When I set out to write Theodosia and the Pirates, I was a little tired of unrequited love. I had just finished writing the first half of Our Lady of Kaifeng, which is a story about a woman who travels halfway across the world in the hopes of having a conversation with someone she loves, but who does not love her.


It was quite a release to be able to write a joyous story of love that is reciprocated, and in part, that is what Theodosia and the Pirates represents for me. But as I was writing it, I became aware of a theme of rejection that ran just under the surface. And this rejection was not about the love between a man and a woman. It was about being rejected by your own country, or by a country you love and long to help.

How does this theme manifest itself? Here are a few instances:


  • Zora Nadrimal, Jean Laffite's grandmother, was a loyal Spaniard. And yet she and her husband were arrested and tortured by the Inquisition, and she was forced to flee the country after her husband's death, never to return. Spanish was still her native language. She raised her daughter speaking Spanish. She spoke Spanish to her grandchildren and educated them in the culture of Spain. But how did she really feel about her native country? What about her behavior inspires Jean to take up his "War Against Spain", an endless vendetta against the country that rejected his grandparents?
  • Theodosia Burr Alston was a loyal, patriotic American. Yet her father was accused of being a traitor, and even after he was acquitted of the charges, his name was dragged in the mud. If you open a history book today, Aaron Burr is known for two things: killing Alexander Hamilton in a duel, and plotting to "separate the Western territories" from the United States. Burr went into exile for a time after his acquittal, but he returned to the United States and lived in poverty and obscurity for the rest of his life. How did Theodosia Burr really feel about the country that could do this to her father, after he had been a revolutionary war hero, had served as Vice President, and had always championed the freedoms of all Americans?
  • Jean Laffite, despite being a hunted man, gave the Americans information about their enemies the British that was designed to help them avoid being conquered. What did they do in response? They sent a raiding party against him. He ordered his men not to fight back against the looters, and even after his ships were stolen and storehouses looted, he contributed to the American cause by donating gunpowder and flint, artillery and trained cannoneers, and he fought for the US cause right alongside the men who looted him: Patterson and Ross. Yet when the conflict was over, he was never compensated for what was taken from him, and he was forced to find another place to continue his privateering business. Not content with driving him out of Barataria, the Americans required him to leave Galveston, too. And even when he was enlisted in the Columbian Navy, the  Americans were still out to get him. What would you feel toward a country that did that to you? Paradoxically, Jean Laffite felt only love for the United States of America, despite the actions of its government. 

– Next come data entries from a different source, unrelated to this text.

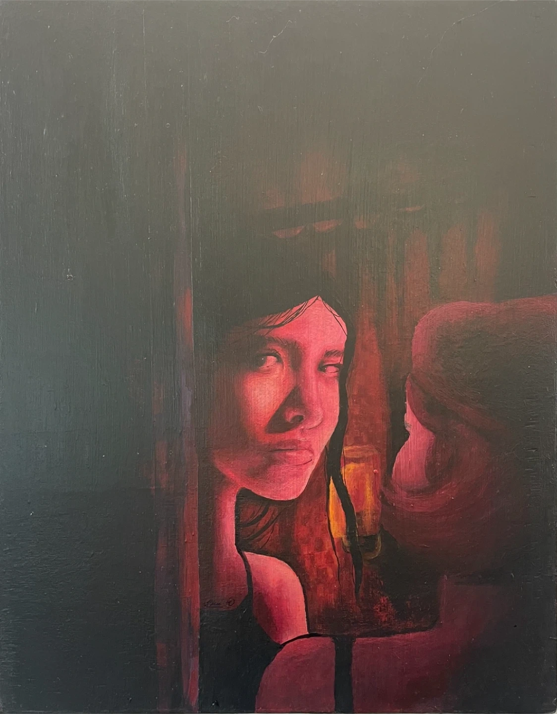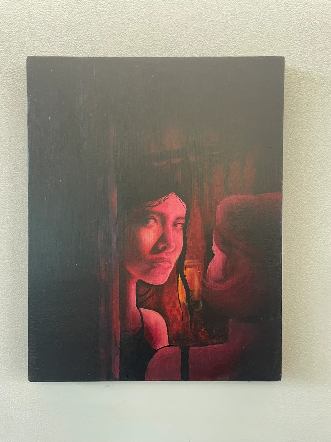 Acrylic painting created by me, titled “memory mirror” where a woman is portrayed seeing her younger self in the mirror’s reflection while her present self stands looking into it.
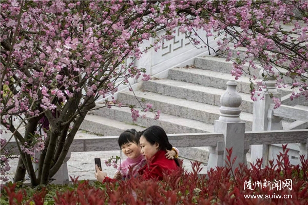 3月16日,市民在白云公園賞櫻花,感受春天氣息。近日,白云公園海棠、紫荊、紅葉碧桃、春梅等10多種花卉競相綻放,成為市民休閑娛樂的好去處。(隨州日報全媒記者李文軍攝)
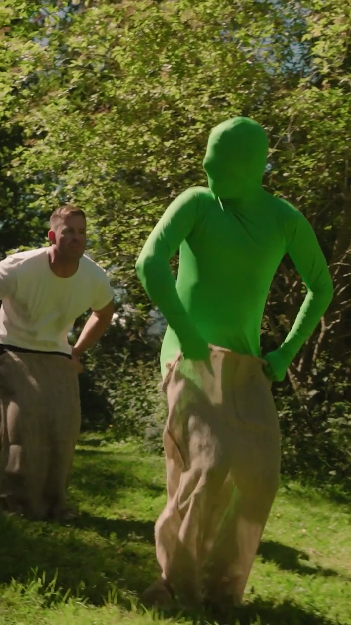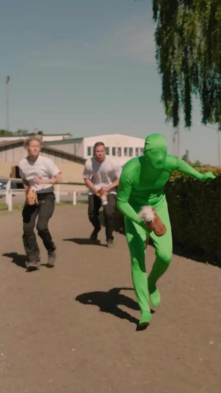 Opgave: Lav filmindhold til SoMe, der fanger opmærksomheden hos VVS’ere og elektrikere og minder dem om muligheden for – og vigtigheden af – at tage grønne AMU-kurser. Løsning: Personificering af den grønne omstilling som en grøn person, der jagtes af håndværkerne. I løb, i sæk og til “hest”.
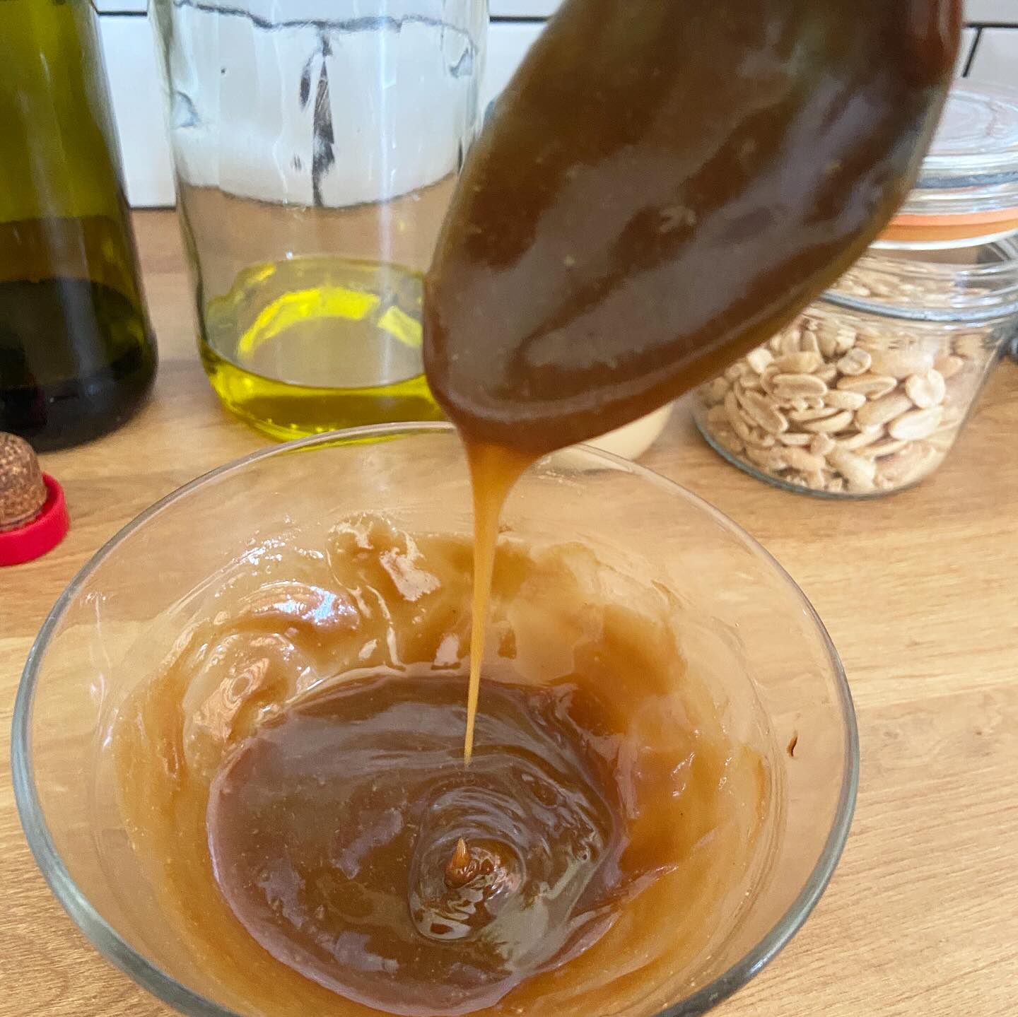 Rien de plus simple, dans un bol mélangez votre purée de cacahuète et votre sauce soja salée. Vous allez obtenir une pâte avec une consistance foncée et un peu épaisse. Pour pouvoir recouvrir comme il faut vos brocolis rôtis, délayer votre sauce avec de l'huile de sésame vierge. Afin qu'elle soit plus liquide et plus fluide à appliquer, versez au fur et à mesure votre huile jusqu'à avoir une belle texture de sauce ! Pas trop liquide mais pas trop épaisse non plus :)

Some people feel that everything in life is based on turn taking and reciprocity. It's all you scratch my back and I'll scratch yours. But real love, whether it is for a person or a country, is not like that. True love transcends the need for reciprocation.

That's the big theme in Theodosia and the Pirates. It was present in the first book from the beginning, but it is given a final expression in The War Against Spain. Sometimes love of country is so strong, that it transcends borders and rulers. It is like a weed that flowers despite everything that is done to eradicate it. In this sense, the book is a tribute to the triumph of love over hatred.